ACTION ITEM:
Exactly the lines below from the line with "最后,在针对发展对象的讨论结" through the line with "hitting the floor." must make up the answer, both ends included and pictures left out.

DATA SHOWN:
-*-*-

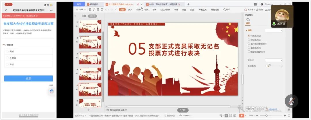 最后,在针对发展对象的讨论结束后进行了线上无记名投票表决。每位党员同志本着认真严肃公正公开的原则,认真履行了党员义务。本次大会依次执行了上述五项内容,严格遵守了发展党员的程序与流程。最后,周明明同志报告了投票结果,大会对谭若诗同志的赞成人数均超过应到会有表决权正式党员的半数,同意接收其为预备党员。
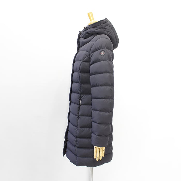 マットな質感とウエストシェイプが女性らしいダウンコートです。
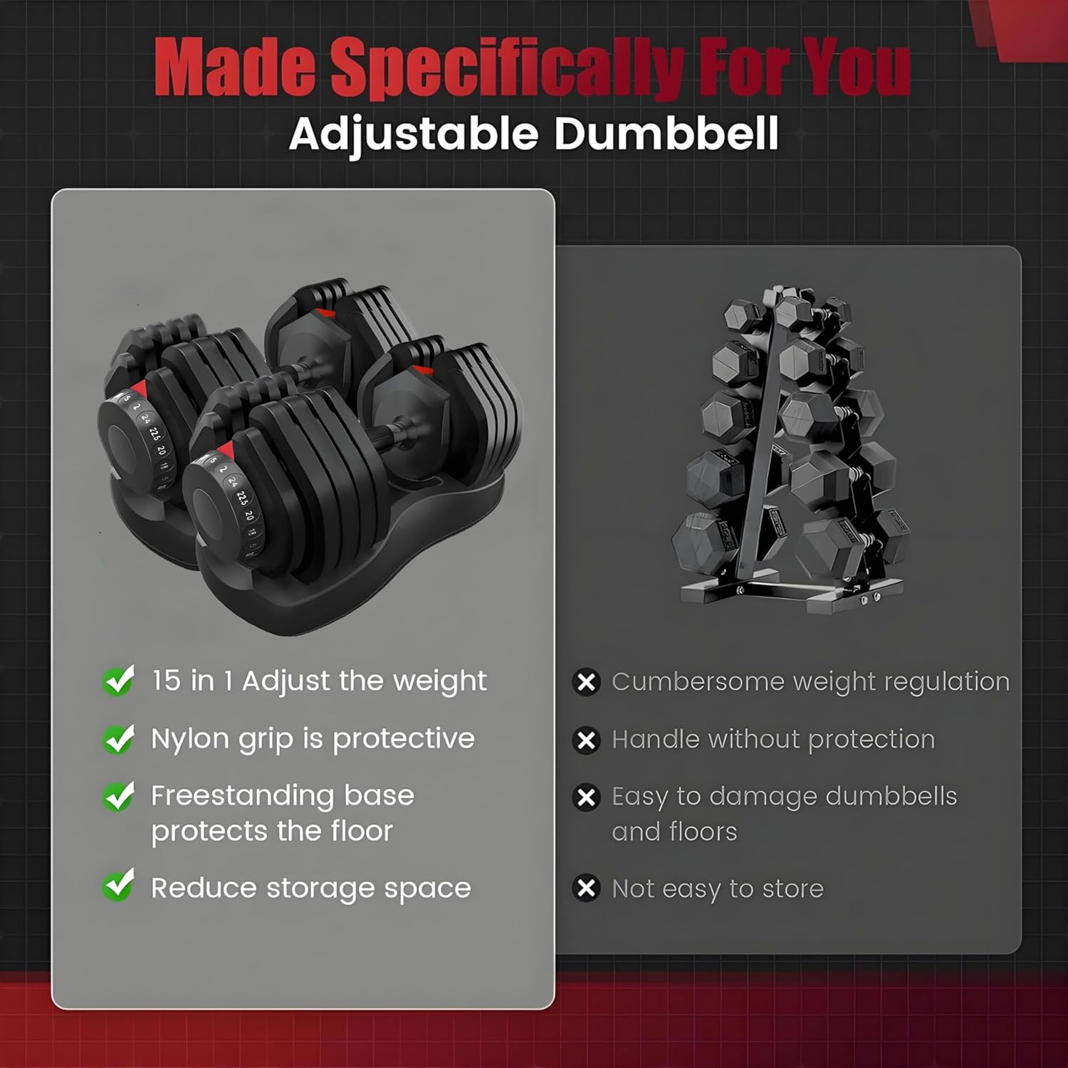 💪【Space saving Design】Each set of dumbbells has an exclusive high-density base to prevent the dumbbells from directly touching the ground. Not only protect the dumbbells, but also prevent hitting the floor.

-*-*-

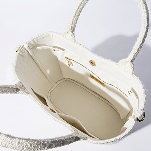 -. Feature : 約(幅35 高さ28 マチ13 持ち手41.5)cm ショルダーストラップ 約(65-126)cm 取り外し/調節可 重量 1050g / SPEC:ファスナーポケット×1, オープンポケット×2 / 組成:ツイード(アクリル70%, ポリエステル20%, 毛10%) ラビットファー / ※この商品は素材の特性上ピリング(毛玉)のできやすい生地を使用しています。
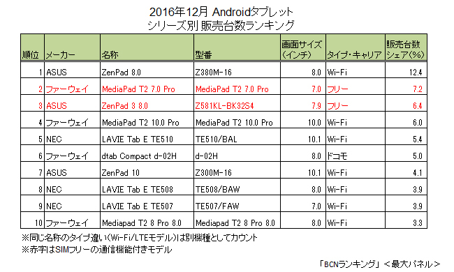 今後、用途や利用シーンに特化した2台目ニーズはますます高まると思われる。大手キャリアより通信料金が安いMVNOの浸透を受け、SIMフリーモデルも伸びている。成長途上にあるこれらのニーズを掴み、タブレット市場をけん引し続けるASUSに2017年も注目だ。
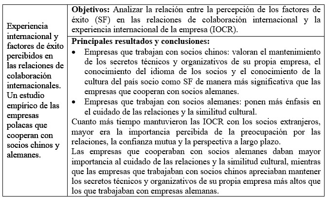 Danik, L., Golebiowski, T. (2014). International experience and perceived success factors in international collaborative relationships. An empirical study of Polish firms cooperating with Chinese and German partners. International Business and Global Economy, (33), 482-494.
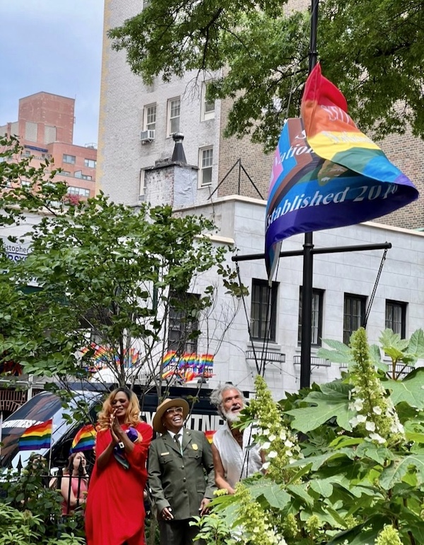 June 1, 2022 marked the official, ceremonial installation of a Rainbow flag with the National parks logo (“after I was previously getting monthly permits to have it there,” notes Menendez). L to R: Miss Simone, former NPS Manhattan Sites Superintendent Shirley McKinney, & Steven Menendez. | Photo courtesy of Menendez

-*-*-

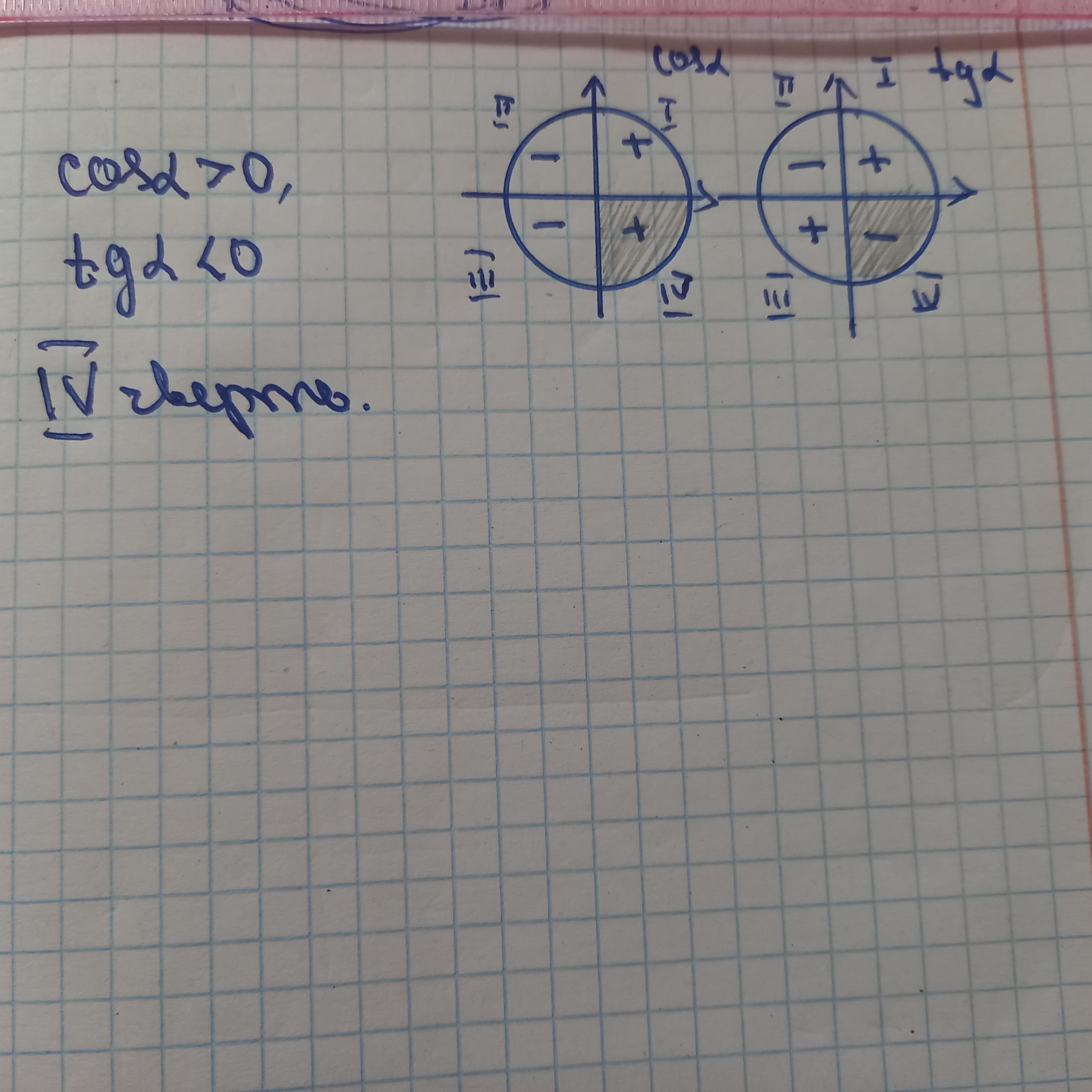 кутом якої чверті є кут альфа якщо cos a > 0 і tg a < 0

-*-*-

REPLY TO THE TASK:
 最后,在针对发展对象的讨论结束后进行了线上无记名投票表决。每位党员同志本着认真严肃公正公开的原则,认真履行了党员义务。本次大会依次执行了上述五项内容,严格遵守了发展党员的程序与流程。最后,周明明同志报告了投票结果,大会对谭若诗同志的赞成人数均超过应到会有表决权正式党员的半数,同意接收其为预备党员。
 マットな質感とウエストシェイプが女性らしいダウンコートです。
 💪【Space saving Design】Each set of dumbbells has an exclusive high-density base to prevent the dumbbells from directly touching the ground. Not only protect the dumbbells, but also prevent hitting the floor.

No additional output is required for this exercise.